[Start of section]
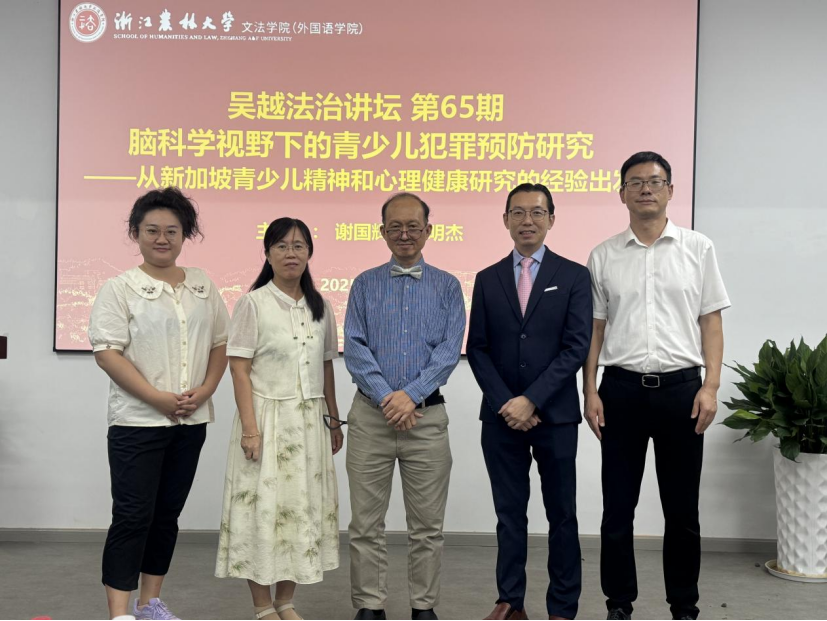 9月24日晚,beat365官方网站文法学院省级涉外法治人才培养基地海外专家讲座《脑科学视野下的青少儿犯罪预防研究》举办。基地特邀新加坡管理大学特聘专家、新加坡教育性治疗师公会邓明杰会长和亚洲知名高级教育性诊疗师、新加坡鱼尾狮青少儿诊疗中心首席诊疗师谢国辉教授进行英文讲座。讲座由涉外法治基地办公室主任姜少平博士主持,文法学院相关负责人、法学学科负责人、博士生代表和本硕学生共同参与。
[End of section]
[Start of section]
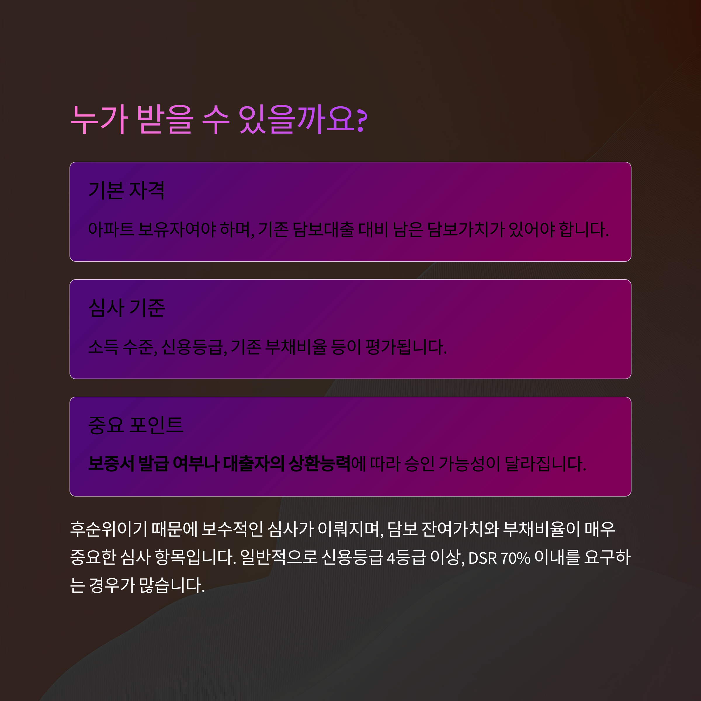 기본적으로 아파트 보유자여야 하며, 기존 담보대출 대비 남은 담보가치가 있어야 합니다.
[End of section]
[Start of section]
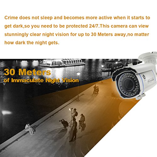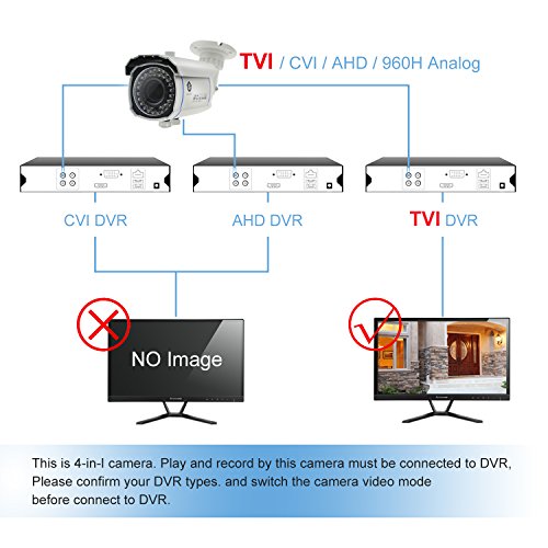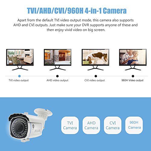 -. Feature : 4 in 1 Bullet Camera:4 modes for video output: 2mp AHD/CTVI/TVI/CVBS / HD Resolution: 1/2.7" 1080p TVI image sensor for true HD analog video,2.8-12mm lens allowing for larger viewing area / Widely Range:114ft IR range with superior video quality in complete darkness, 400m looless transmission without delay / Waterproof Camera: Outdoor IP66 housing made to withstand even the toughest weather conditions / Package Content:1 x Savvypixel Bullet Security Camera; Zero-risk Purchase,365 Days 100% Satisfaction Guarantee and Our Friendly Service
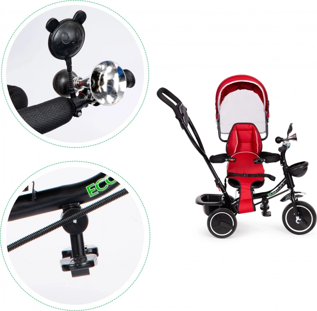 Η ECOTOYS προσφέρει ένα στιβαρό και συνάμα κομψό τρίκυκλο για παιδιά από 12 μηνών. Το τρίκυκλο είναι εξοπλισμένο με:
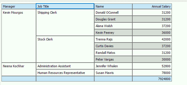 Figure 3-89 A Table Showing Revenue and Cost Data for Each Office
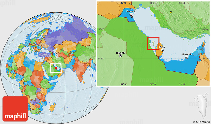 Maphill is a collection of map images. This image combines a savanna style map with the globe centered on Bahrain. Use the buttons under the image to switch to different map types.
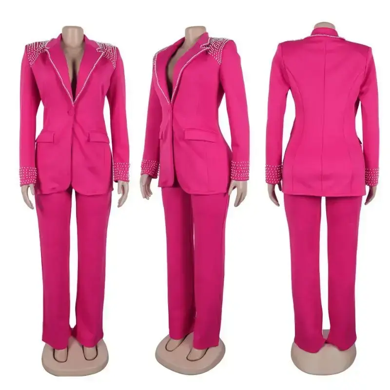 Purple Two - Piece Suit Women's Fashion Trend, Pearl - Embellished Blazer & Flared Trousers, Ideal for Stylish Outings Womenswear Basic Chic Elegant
[End of section]
Task prompt :: Everything from the line with "Η ECOTOYS προσφέρει" through the line with "Figure 3-89 A" in the material above should be transcribed exactly, except the pictures.

Answer section ::
 Η ECOTOYS προσφέρει ένα στιβαρό και συνάμα κομψό τρίκυκλο για παιδιά από 12 μηνών. Το τρίκυκλο είναι εξοπλισμένο με:
 Figure 3-89 A Table Showing Revenue and Cost Data for Each Office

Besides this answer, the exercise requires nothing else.